# Weevil drinking from drop of water (pic)



## EWTC (Aug 7, 2010)

Last weekend I sat down and built a flash diffuser using foamcore, white paper and white duct tape. I wanted something that would be super quick to set-up with the flash mounted directly onto the camera hotshoe (I am a big believer in the KISS principle). The working distance for my 35mm macro lens is only 3.5 cm when is focussed to maximum (1:1) magnification, so I needed a diffuser that would effectively light a subject at that distance. 

The new diffuser is strong but extremely light, and fits snugly on the flash (and cost pennies to make).
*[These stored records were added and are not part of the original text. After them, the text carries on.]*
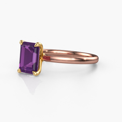 Der oben gezeigte Verlobungsring wird Crystal EME 1 genannt. Wir nennen das einen Solitär-Ring, denn er hat einen einzelnen Edelstein. Es ist ein 14 Karat Roségold ring, mit 8x6 mm smaragd schliff Amethyst. Das Besondere an unserem Konfigurator ist dass Sie selbst einem Schmuckstück zusammenstellen können zu einem eigenen persönlichen Schmuckstück. Dieser Solitäre Verlobungsring ist gefertigt in der Edelmetall Kombination Roségold mit Gold, aber Sie können also auch wählen aus anderen Farben. Jedes Schmuckstück wird hergestellt mit Leidenschaft und Liebe, von einem unserer Meister-Goldschmiede. Der Solitär-Verlobungsring ist eine Sonderform des Verlobungsring. Seine offenen Krappen ermöglichen, dass Licht aus mehr Winkeln auf den Edelstein trifft. Dieser klassische Verlobungsring ist durch die hohe Positionierung des Edelsteins ein atemberaubender Blickfang. Wir schmücken diesen Solitär-Ring sorgfältig von Hand, damit Sie Ihren Anfrage mit einem einzigartigen Ring würdigen können. Die Liebe Ihres Lebens verdient nur das Beste. Nach Erhalt Ihrer Bestellung beginnen unsere Goldschmiede mit Leidenschaft den kreativen Prozess und fertigen Ihren Verlobungsring in unserem eigenen Studio. Da wir keine großen Lager haben, werden diese Kosten nicht an Sie weitergegeben. Unsere Preisgestaltung ist der Beweis dafür! Wir bieten Schmuck zum niedrigsten Preis, garantiert.Unsere Designer und Goldschmiede arbeiten jeden Tag zusammen und versuchen, neue Schmuckstücke zu kreieren. Vielleicht haben Sie irgendwo einen schönen, klassische Verlobungsring gefunden, nach dem Ihr einzigartiger Ring gestaltet werden kann. Setzen Sie sich mit uns in Verbindung. Wir machen Ihnen ein Angebot, basierend auf einem fairen Preis/Leistungsverhältnis, das Sie begeistern wird.Um es einfacher zu machen, bieten wir eine kostenlose 30-tägige Rücksendung.
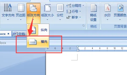 3、在"页面布局"下方找到"纸张方向"按钮,选择"横向",纸张方向设置为横向打印。
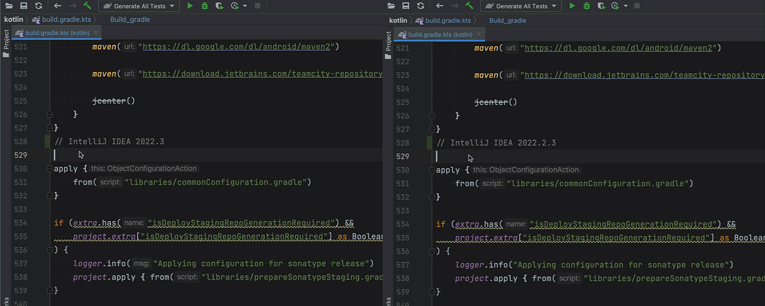 我们优化了缓存和索引的使用,使代码分析更快、更稳定。 我们还改进了 .gradle.kts 文件中的代码补全算法,根据我们的基准测试,它的速度提高了 4-5 倍。
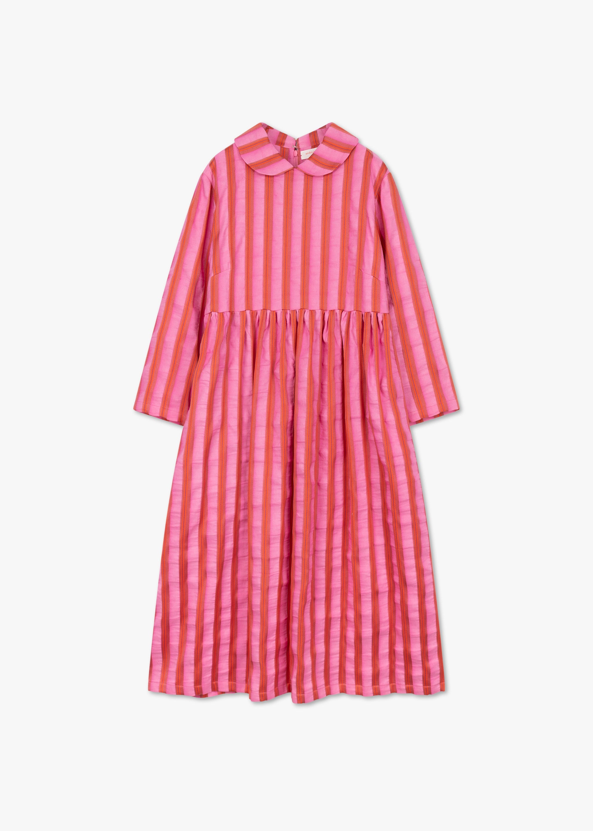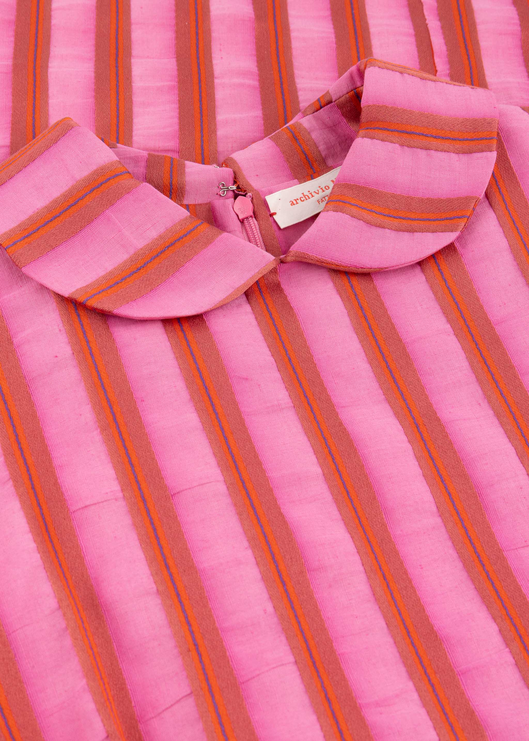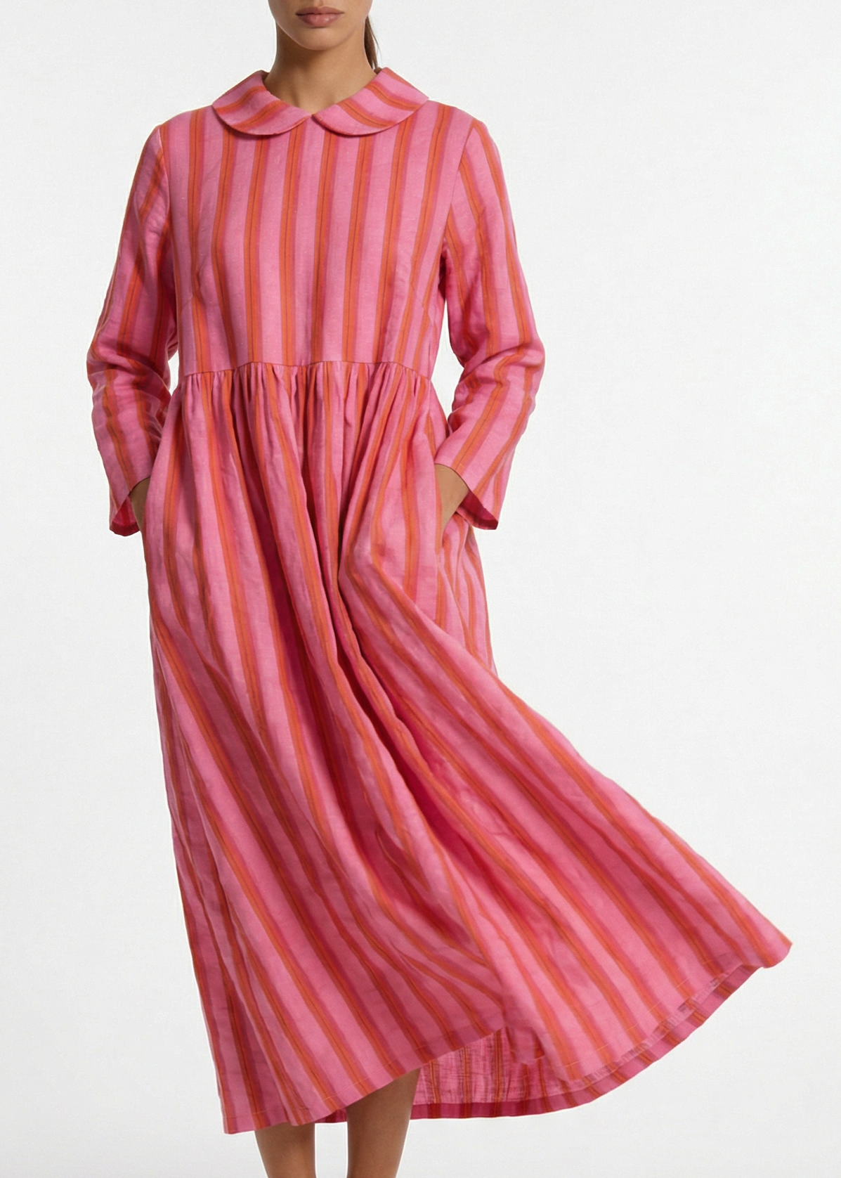 Lockeres Kleid von Archivo Miroglio aus einer Baumwoll-Leinen-Mischung, Bubikragen, Reißverschluss hinten, leicht überschnittenen Schulter, lange Ärmel, Rock mit gelegten Falten, Eingriffstaschen, gerader Saum, weicher Griff.
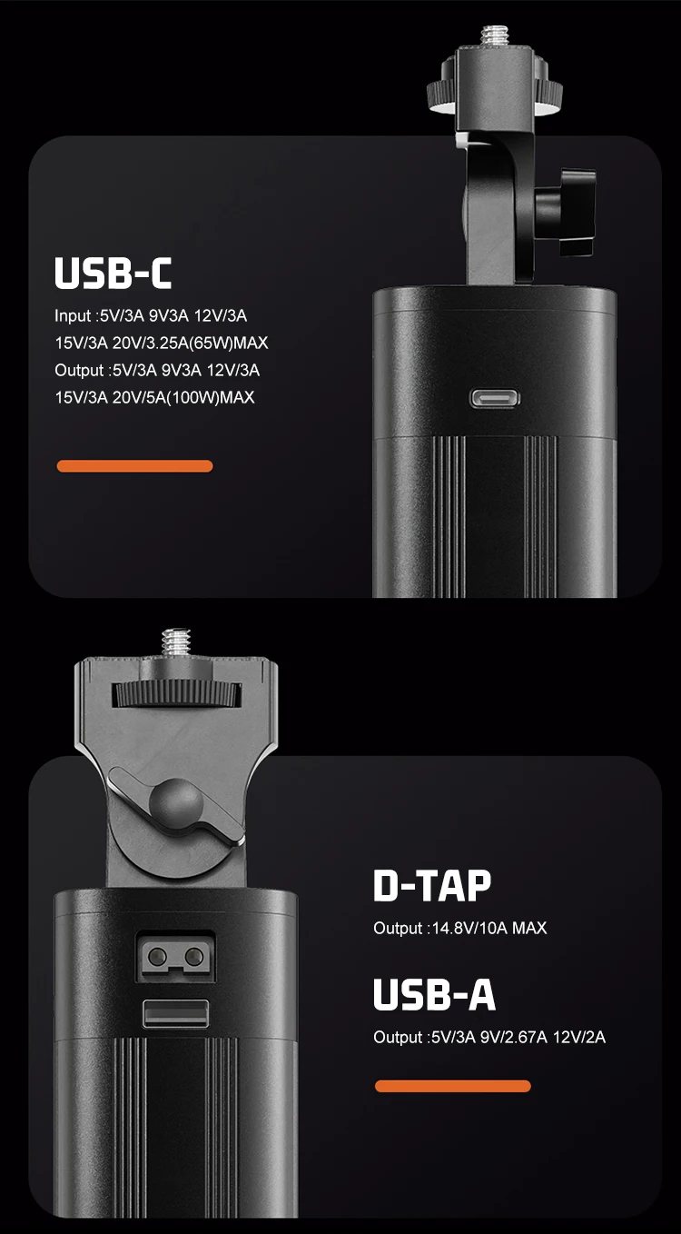 ZSYB Universal 1/4 Screw Power Bank Light Holder USB-C PD Input Output D-Tap Battery Grip for Outdoor Fill Photographic Light details

The photo below of a weevil taking a drink of water was the first picture I took using it. I’m very pleased with the result. Of course it helps that I was photographing such a pretty insect! 
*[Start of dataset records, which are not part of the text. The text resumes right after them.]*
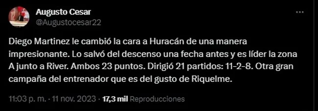 Respecto a esto, la fuente citada agregó: “Diego Martinez le cambió la cara a Huracán de una manera impresionante. Lo salvó del descenso una fecha antes y es líder la zona A junto a River. Ambos 23 puntos. Dirigió 21 partidos: 11-2-8. Otra gran campaña del entrenador que es del gusto de Riquelme“. ¿Es un candidato?
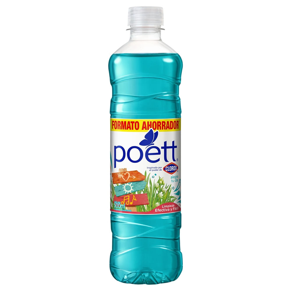 Limpiador Poett Alegra tu día en presentación de 500 ml, ideal para mantener tus espacios limpios y con un aroma agradable y duradero. Su fórmula es versátil, ya que puede utilizarse en pisos, baños, cocina y otras superficies del hogar. Cuenta con una fragancia inspirada en notas frutales, florales y vainilla, que brinda una sensación fresca y agradable en cada uso. Puede usarse diluido para limpieza diaria o directo en áreas específicas, ofreciendo una limpieza efectiva sin necesidad de enjuague en la mayoría de superficies.
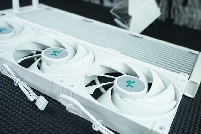 这次冰魔方360没有配备RGB风扇,全白色的感觉仍然拉升颜值高度。水冷通常因为风扇数量的原因会产生略高的声音,而为了控制音量就需要在轴承方面做足文章。
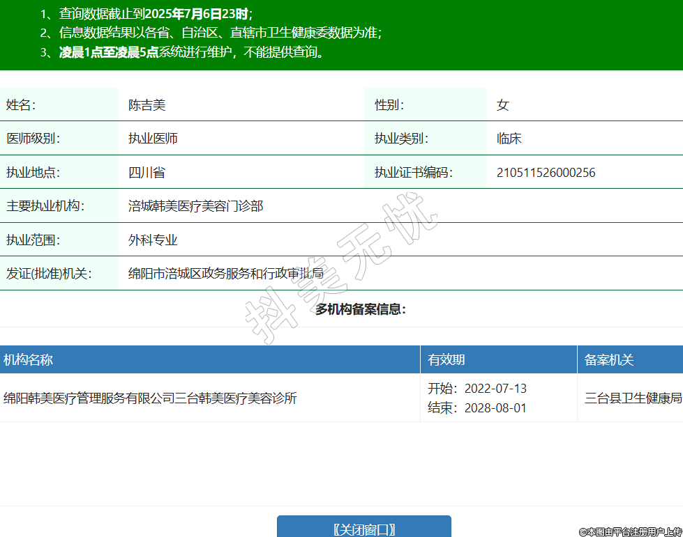 姓名:陳吉美性別:女醫(yī)師級別:執(zhí)業(yè)醫(yī)師執(zhí)業(yè)類別:臨床執(zhí)業(yè)地點:四川省執(zhí)業(yè)證書編碼:210511526000256主要執(zhí)業(yè)機(jī)構(gòu):涪城韓美醫(yī)療美容門診部執(zhí)業(yè)范圍:外科專業(yè)發(fā)證(批準(zhǔn))機(jī)關(guān):綿陽市涪城區(qū)政務(wù)服務(wù)和行政審批局多機(jī)構(gòu)備案信息:機(jī)構(gòu)名稱 有效期 備案機(jī)關(guān) 綿陽韓美醫(yī)療管理服務(wù)有限公司三臺韓美醫(yī)療美容診所 開始:2022-07-13結(jié)束:2028-08-01三臺縣衛(wèi)生健康局 -
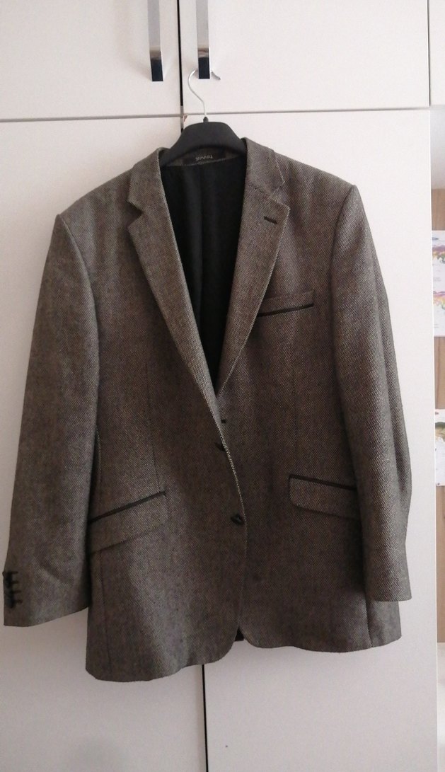 Gri yün kumaştan, düğmeli ve kesik yakalı erkek ceket. Normal boy, regular fit ve uzun kolludur. Klasik iş stiline uygundur.

I don’t know if anyone would be interested, but I posted diagrams and instructions for making a similar diffuser on my blog. 

Cheers,
EC
www.macrocritters.wordpress.com


P6170307 weevil re edit2 copyright ernie cooper 2013_filtered by ernie.cooper, on Flickr


----------



## Ashok (Dec 11, 2006)

That's an amazing photo

Looked at your photostream, there's some great photos in there. wow!


----------



## the_deeb (Mar 19, 2009)

Great picture and great blog. I really like your light diffuser idea.


----------



## Zorfox (Jun 24, 2012)

Your photography is stunning! I think you've done this before lol


----------



## pinkman (May 16, 2013)

just wow. very cool, i enjoy stuff like this.


----------



## Da Plant Man (Apr 7, 2010)

Were there two? And if there was did you pick the lesser of the two weevils? :hihi:


Your photography is stunning. I am saving up for a decent full frame setup myself and can't wait to try some stuff like that.


----------



## EWTC (Aug 7, 2010)

Ashok said:


> That's an amazing photo
> 
> Looked at your photostream, there's some great photos in there. wow!


 
Thanks!
EC


----------



## EWTC (Aug 7, 2010)

Thanks everyone!


----------



## EWTC (Aug 7, 2010)

Da Plant Man said:


> Were there two? And if there was did you pick the lesser of the two weevils? :hihi:
> 
> 
> Your photography is stunning. I am saving up for a decent full frame setup myself and can't wait to try some stuff like that.


LOL!!! I wish I'd thought of that line! I just might need to use that...

EC


----------



## thelub (Jan 4, 2013)

Fantastic photography!


----------



## nofearengineer (Mar 20, 2013)

Un-frigging-believable.


----------